Unfortunately I wasn’t able to keep up this challenge as life and travel got in the way, but I can see how keeping up this practice would improve my skills. I might have to give this another shot at a later date.

7 thoughts on “#281 Direct Watercolour

  1. They are much better than you think. Not a bad one in the bunch. The last portrait is lovely. As is the rooster. I don’t see color running. But isn’t that what Marc wants us to do?

    I have tried this technique and am horrible at it. It is loosening me up some, however. Do you plan to keep at it even if you can’t do the 30 day challenge? (yes, life does get in the way. All the time)

  2. I’m puzzled why you’re so hard on yourself.
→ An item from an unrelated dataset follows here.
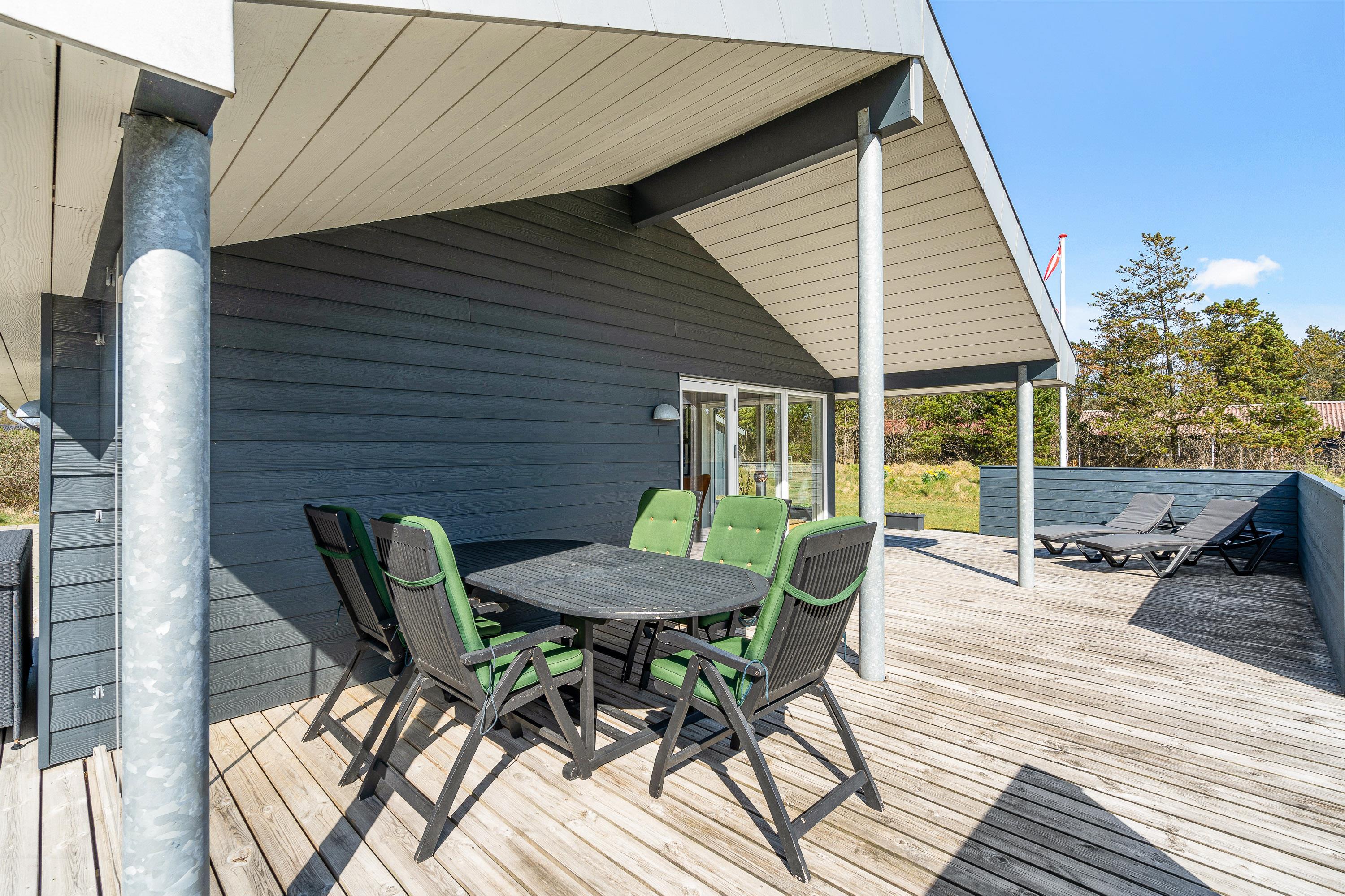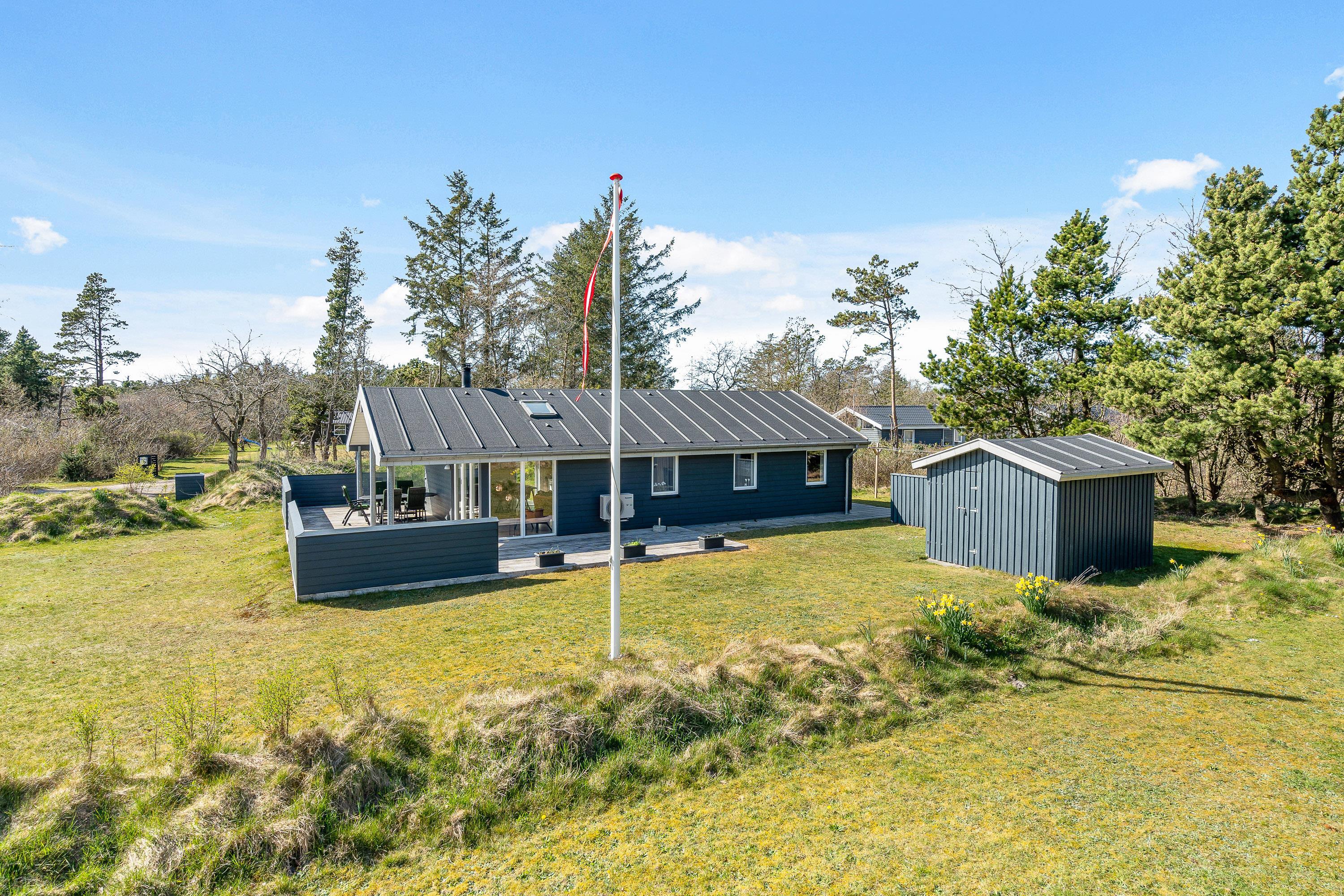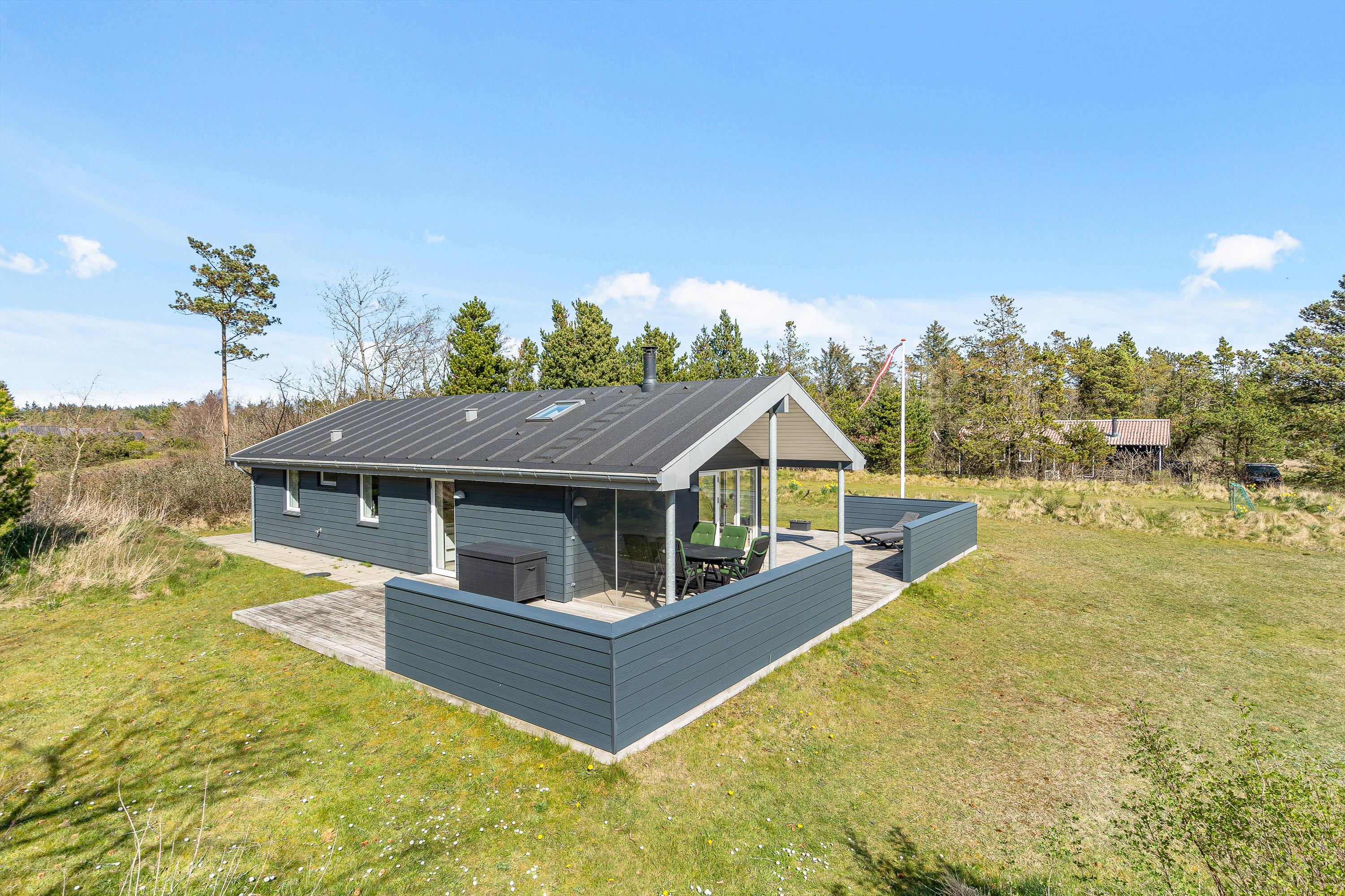 På sommerhusets udeområde venter jer blandt andet en delvist overdækket og afskærmet terrasse, som I kan finde jer til rette på i havemøblerne og liggestolene. Find jer en god plads i solen og læn jer tilbage, mens I nyder ferien til fulde.
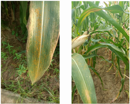 玉米锈病也属于真菌性的病害,一般多在玉米中后期发生较多,总体发生为害偏轻,但个别年份或地区有时会发病较重,对产量影响大。高温高湿的气候环境特别容易诱发玉米锈病,此外光照不足、种植密度过大、通风透气太差,也可以提高锈病发生的概率。玉米锈病主要以防为主,一旦发现有这种情况,必须及时防治,这种病菌传播非常快,如果大面积的发生了,那就很难控制了,会严重影响玉米的产量。去年雨水较多,我市各县玉米锈病普遍大面积发生。防治可喷施戊唑醇+肟菌酯或苯醚甲环唑+丙环唑+醚菌酯或氟环唑+吡唑醚菌酯进行防治,连续喷施2~3次,每次间隔7-10天。

The graduated blue of the iris flowers are beautiful. The first portrait is compelling, I think the eyes are shiny and beautiful, and there’s an overall feeling of intelligent consideration that I love. I see plenty of seagulls in New Zealand and your bird’s appearance and posture evokes visits to the beach. Your cottage immediately brings to mind cottages that I’ve seen in Clyde, Central Otago, NZ (if you’re interested check out https://exploringcolour.wordpress.com/2018/04/15/cottages-in-clyde/ In short, I admire these paintings very much!

    1. Thank you Liz. You are very kind. I guess I’m never truly satisfied with my paintings, some less so than others. Your cottages are gorgeous.